* **TASK INSTRUCTIONS**:
Extract the lines of the material below, beginning with the first and ending with the line that holds "Women’s brown bow". Skip every picture.

################

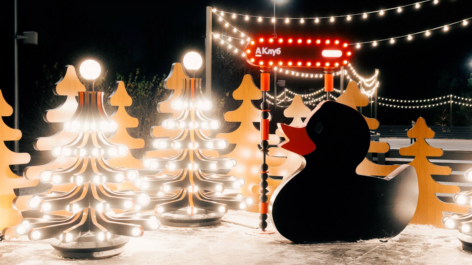 Пространство The Rink уже зарекомендовало себя как одна из популярных зимних локаций, куда приезжают за атмосферой и ощущением отпуска. Лаундж А-Клуба станет центральным элементом локации. В нем разместят новогоднюю инсталляцию с маскотом сообщества — черной уточкой, а также зону отдыха с шезлонгами, фотобудку и «почту Деда Мороза». Для посетителей предусмотрено специальное сезонное меню.
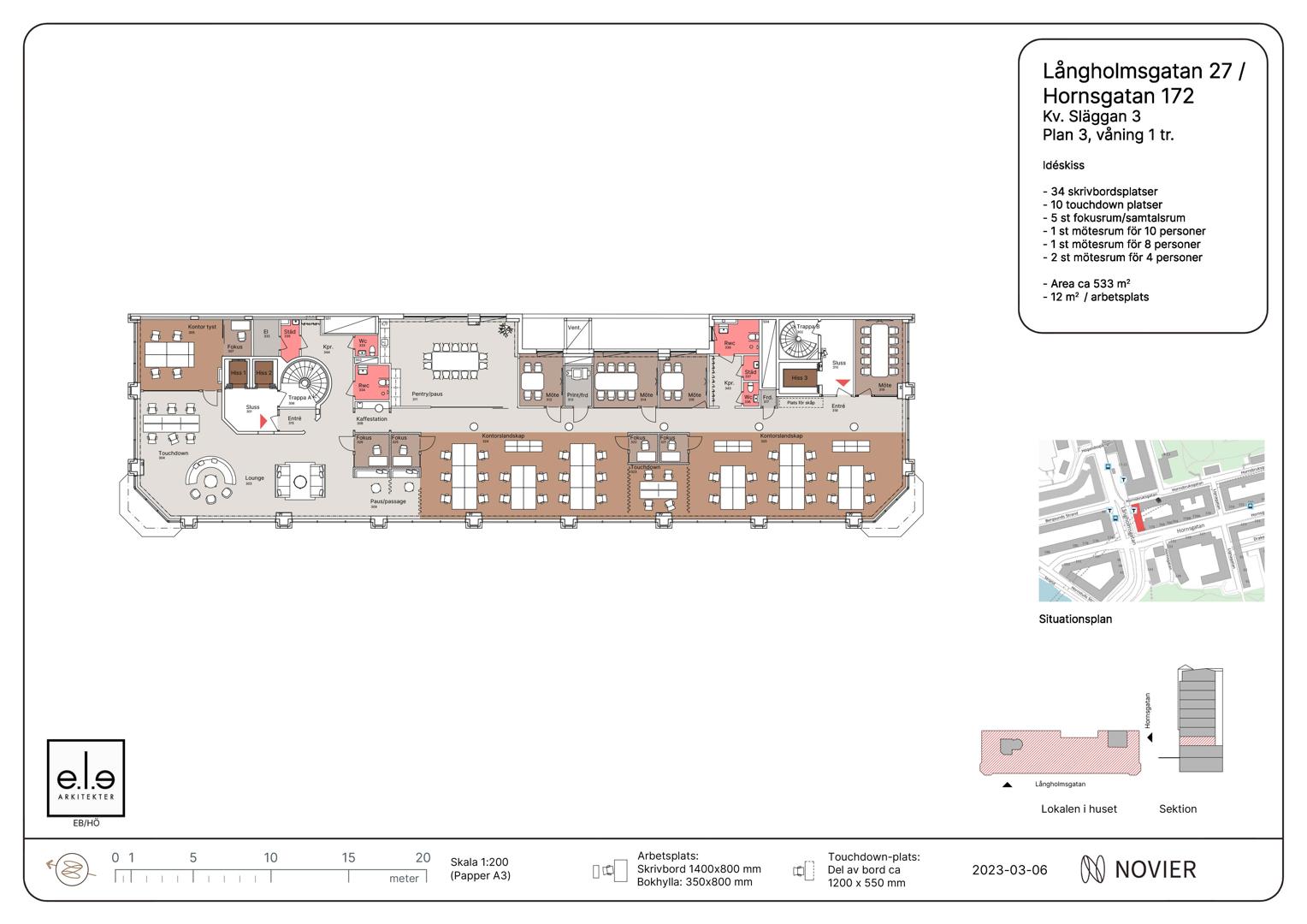 Mestadels öppen planlösning i kombination med mötes och konferensrum. Stora fönster med trevligt ljusinsläpp. Flertalet mindre mötes och samtalsrum samt ett större konferensrum för 10 personer. Fem WC varav 2 RWC.
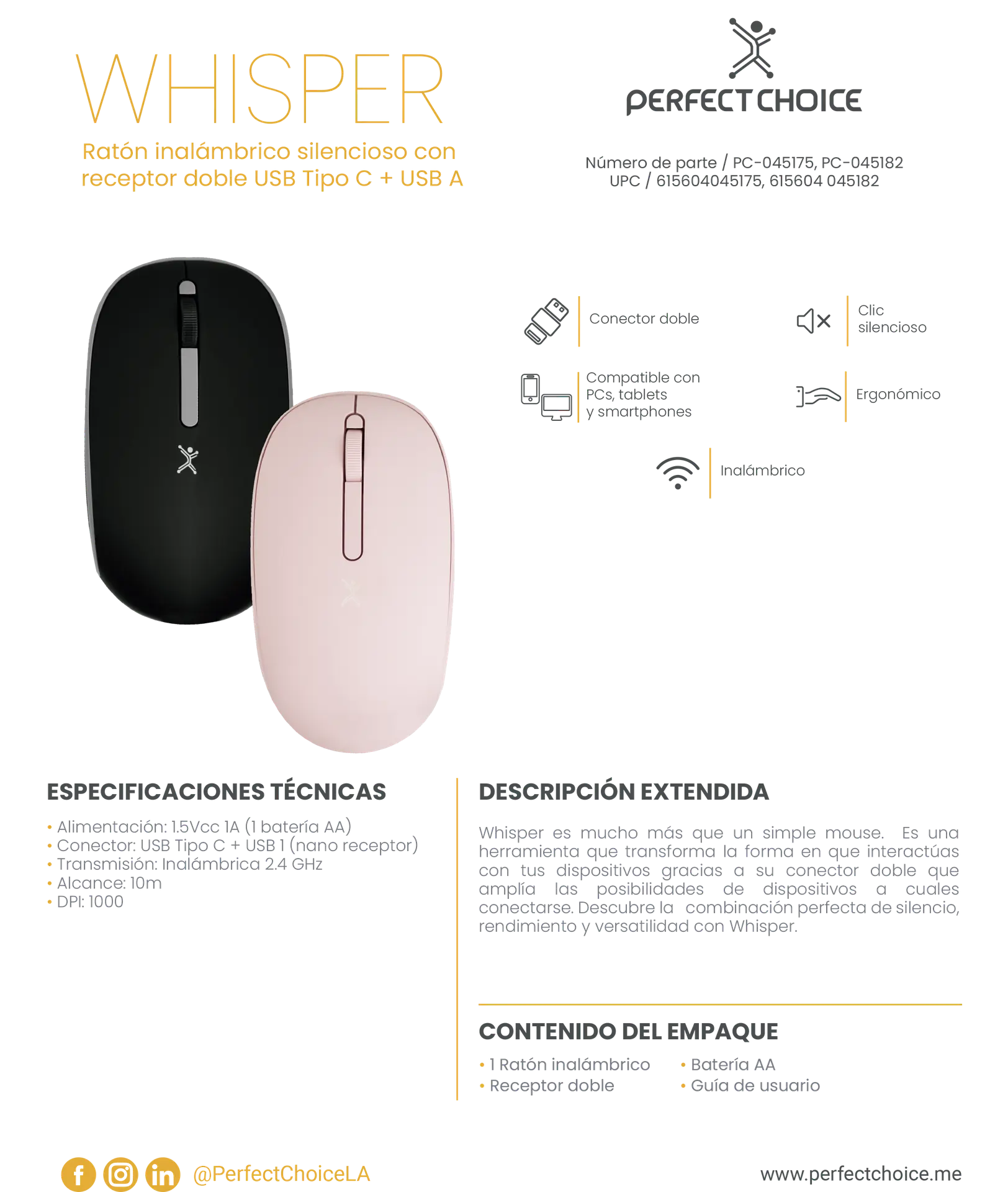 1. Mouse Perfect Choice Óptico Whisper, RF Inalámbrico, USB-C, 1000DPI, Rosa Doble Receptor, MS-1579 SKU: PC-045182
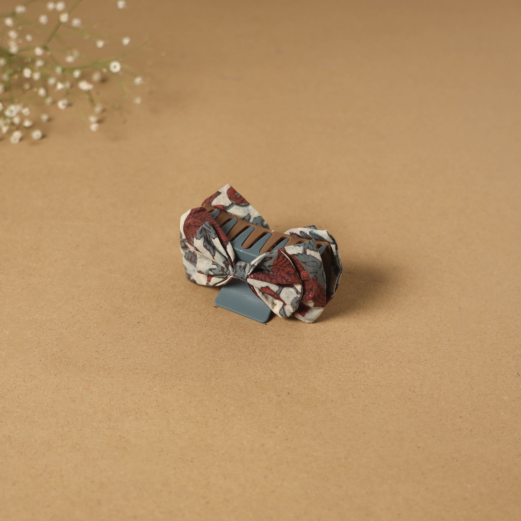 Women’s brown bow hair claw clip is a perfect accessory to style and keep your hair in place. Made with a plastic base and finished with an artisan-made fabric bow, it is suitable for everyday styling or simple outings.
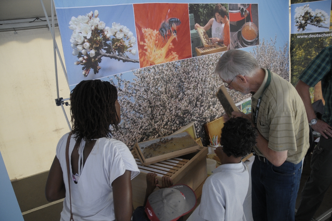 Gleich nebenan erwartete die Besucher ein Zelt der Initiative "Innovation & Naturhaushalt" mit vielen Informationen zur nachhaltigen Landwirtschaft. Hauptdarsteller dieses Standes war die Honigbiene, eines der wichtigsten Nutztiere in der Landwirtschaft. „Jung und Alt aus Köln und Umgebung hatten großes Interesse nicht nur an der Imkerei, sondern auch an den vielen praktischen Beiträgen der Landwirte zur Bienengesundheit und zu Förderung und Erhalt der Artenvielfalt im Allgemeinen", lautete das erfreuliche Resumee der Leiterin der Initiative, Kerstin Krohn. Der Renner am Stand: ein selbst kreierter Honig-Fitness-Trunk.
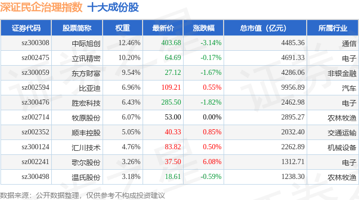资金流向方面,深证民企治理(970058)指数成份股当日主力资金净流出合计74.96亿元,游资资金净流入合计26.11亿元,散户资金净流入合计48.85亿元。成份股资金流向详情见下表:

################

* **SOLUTION TO THE EXERCISE**:
 Пространство The Rink уже зарекомендовало себя как одна из популярных зимних локаций, куда приезжают за атмосферой и ощущением отпуска. Лаундж А-Клуба станет центральным элементом локации. В нем разместят новогоднюю инсталляцию с маскотом сообщества — черной уточкой, а также зону отдыха с шезлонгами, фотобудку и «почту Деда Мороза». Для посетителей предусмотрено специальное сезонное меню.
 Mestadels öppen planlösning i kombination med mötes och konferensrum. Stora fönster med trevligt ljusinsläpp. Flertalet mindre mötes och samtalsrum samt ett större konferensrum för 10 personer. Fem WC varav 2 RWC.
 1. Mouse Perfect Choice Óptico Whisper, RF Inalámbrico, USB-C, 1000DPI, Rosa Doble Receptor, MS-1579 SKU: PC-045182
 Women’s brown bow hair claw clip is a perfect accessory to style and keep your hair in place. Made with a plastic base and finished with an artisan-made fabric bow, it is suitable for everyday styling or simple outings.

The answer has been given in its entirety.